§ Supplied entries:
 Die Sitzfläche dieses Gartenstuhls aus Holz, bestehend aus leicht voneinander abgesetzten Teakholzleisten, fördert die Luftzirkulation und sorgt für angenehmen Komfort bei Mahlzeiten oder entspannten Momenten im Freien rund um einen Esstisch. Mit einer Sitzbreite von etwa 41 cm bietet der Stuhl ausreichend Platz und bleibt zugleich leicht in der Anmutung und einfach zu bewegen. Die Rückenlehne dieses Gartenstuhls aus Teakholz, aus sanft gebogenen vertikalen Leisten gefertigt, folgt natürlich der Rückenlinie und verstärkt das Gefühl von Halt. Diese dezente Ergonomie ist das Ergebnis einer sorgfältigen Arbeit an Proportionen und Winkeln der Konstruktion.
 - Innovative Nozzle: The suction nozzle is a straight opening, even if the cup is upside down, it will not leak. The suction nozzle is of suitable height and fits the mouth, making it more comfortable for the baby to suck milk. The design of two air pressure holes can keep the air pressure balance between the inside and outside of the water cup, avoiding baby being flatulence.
---
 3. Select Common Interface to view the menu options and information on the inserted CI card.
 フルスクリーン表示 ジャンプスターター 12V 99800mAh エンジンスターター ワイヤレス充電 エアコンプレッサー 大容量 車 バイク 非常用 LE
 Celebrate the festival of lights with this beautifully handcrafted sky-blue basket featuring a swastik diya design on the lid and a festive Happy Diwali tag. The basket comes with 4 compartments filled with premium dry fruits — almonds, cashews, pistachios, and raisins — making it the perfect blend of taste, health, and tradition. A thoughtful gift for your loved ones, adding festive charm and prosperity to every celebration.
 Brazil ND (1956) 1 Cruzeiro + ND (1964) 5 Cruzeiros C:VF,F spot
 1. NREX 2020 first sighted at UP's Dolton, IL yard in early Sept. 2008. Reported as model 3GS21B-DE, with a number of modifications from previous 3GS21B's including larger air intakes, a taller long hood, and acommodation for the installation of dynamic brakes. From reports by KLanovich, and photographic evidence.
==
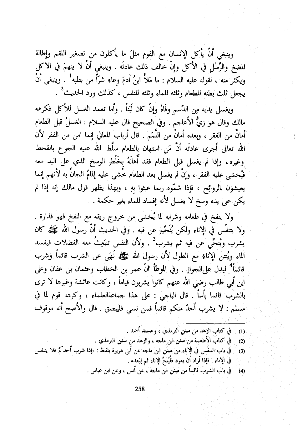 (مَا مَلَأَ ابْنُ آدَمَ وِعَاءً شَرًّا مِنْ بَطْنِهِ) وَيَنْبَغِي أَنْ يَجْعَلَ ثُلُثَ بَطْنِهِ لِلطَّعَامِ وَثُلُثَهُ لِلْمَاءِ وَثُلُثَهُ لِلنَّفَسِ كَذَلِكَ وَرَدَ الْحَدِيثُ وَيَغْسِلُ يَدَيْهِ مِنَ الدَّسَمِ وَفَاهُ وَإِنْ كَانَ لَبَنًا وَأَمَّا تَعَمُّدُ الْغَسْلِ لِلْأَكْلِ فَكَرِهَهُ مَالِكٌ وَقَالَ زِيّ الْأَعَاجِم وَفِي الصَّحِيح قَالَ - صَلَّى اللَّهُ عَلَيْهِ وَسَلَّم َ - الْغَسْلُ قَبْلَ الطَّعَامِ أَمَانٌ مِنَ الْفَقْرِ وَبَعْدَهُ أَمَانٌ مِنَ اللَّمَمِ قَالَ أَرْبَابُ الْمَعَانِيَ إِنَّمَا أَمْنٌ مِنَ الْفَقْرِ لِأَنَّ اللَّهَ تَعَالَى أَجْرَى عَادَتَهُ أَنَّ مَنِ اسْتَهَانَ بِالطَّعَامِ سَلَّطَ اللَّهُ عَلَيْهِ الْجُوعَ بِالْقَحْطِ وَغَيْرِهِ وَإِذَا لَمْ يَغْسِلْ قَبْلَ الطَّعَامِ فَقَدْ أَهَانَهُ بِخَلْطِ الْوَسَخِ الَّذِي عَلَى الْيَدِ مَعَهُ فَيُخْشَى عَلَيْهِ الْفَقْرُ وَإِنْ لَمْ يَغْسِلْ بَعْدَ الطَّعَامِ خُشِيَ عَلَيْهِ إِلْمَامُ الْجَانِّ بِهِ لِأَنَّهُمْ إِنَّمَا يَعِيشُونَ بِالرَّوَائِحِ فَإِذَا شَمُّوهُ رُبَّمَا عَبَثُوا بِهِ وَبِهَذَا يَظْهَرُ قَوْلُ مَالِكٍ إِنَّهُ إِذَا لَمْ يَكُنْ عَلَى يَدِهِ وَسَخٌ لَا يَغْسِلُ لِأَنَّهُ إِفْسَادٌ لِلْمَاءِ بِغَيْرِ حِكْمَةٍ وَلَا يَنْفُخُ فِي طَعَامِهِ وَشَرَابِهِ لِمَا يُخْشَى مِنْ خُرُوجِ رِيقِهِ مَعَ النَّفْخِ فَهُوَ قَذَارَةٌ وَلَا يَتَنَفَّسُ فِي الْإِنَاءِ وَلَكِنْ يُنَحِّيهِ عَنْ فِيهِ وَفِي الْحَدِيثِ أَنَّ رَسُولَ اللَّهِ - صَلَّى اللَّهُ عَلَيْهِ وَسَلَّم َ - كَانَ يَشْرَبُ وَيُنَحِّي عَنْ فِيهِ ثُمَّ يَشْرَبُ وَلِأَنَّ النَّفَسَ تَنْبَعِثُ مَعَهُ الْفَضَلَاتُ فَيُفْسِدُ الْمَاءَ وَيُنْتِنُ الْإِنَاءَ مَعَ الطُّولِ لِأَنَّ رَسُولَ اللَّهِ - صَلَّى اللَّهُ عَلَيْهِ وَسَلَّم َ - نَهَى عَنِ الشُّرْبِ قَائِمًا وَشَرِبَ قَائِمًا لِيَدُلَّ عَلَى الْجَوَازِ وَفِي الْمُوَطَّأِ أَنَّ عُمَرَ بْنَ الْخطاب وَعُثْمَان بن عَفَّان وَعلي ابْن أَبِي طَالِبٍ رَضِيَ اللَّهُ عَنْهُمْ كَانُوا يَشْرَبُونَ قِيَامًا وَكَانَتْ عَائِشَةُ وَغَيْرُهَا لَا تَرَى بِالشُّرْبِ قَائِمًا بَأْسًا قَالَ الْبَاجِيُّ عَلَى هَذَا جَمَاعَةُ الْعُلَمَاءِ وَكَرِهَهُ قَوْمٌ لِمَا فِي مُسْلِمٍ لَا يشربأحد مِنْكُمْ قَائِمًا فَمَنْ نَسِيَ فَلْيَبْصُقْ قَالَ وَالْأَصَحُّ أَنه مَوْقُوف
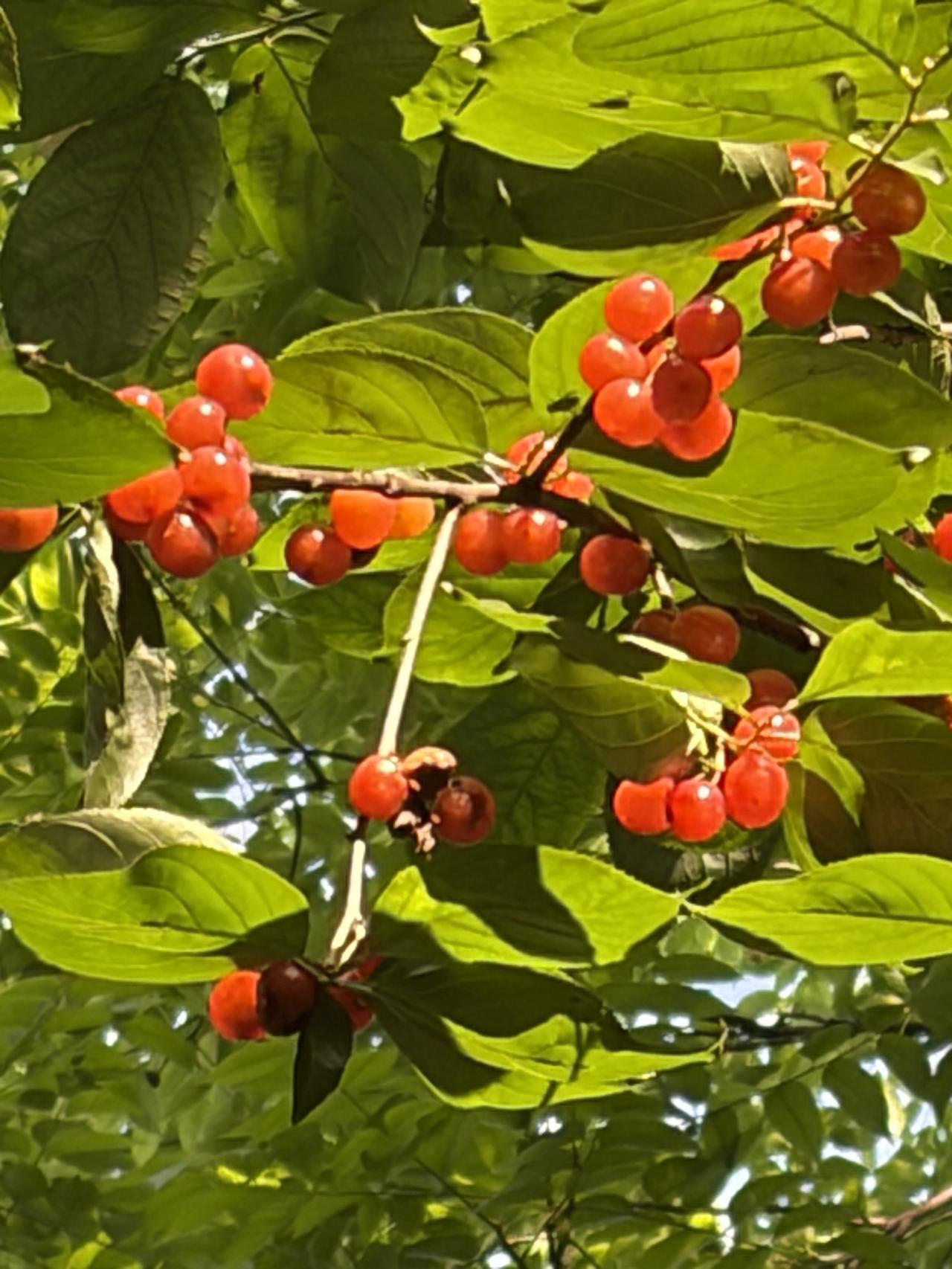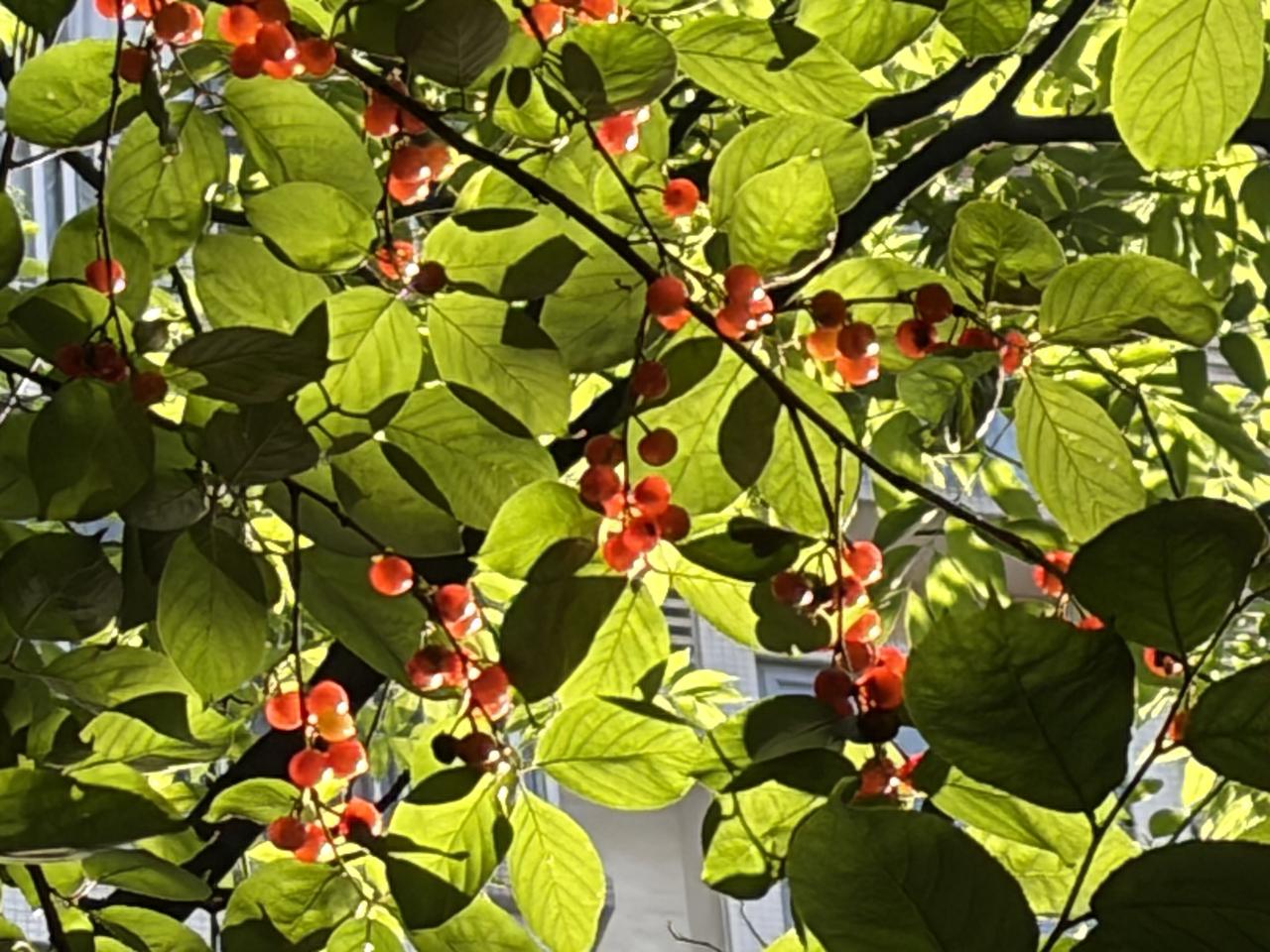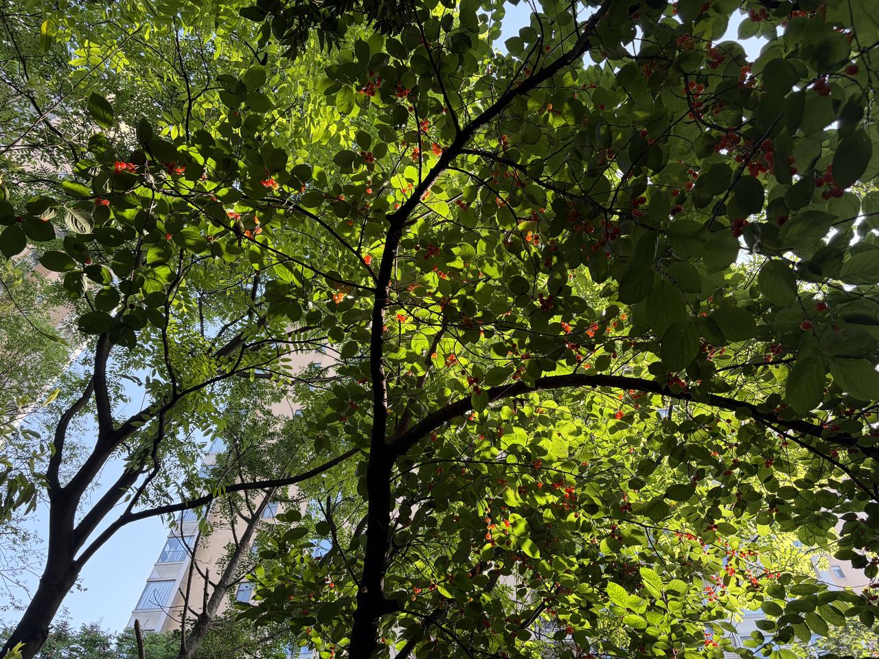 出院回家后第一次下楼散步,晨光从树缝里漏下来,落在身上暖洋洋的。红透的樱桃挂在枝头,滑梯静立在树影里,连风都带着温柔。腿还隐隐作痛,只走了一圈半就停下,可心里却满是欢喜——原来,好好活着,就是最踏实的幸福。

§ What you are asked to do: Which lines above run from the one containing "3. Select Common" down to the one containing "フルスクリーン表示 ジャンプスターター 12V"? Repeat exactly those, both ends included, and nothing else.

§ Result for this exercise:
 3. Select Common Interface to view the menu options and information on the inserted CI card.
 フルスクリーン表示 ジャンプスターター 12V 99800mAh エンジンスターター ワイヤレス充電 エアコンプレッサー 大容量 車 バイク 非常用 LE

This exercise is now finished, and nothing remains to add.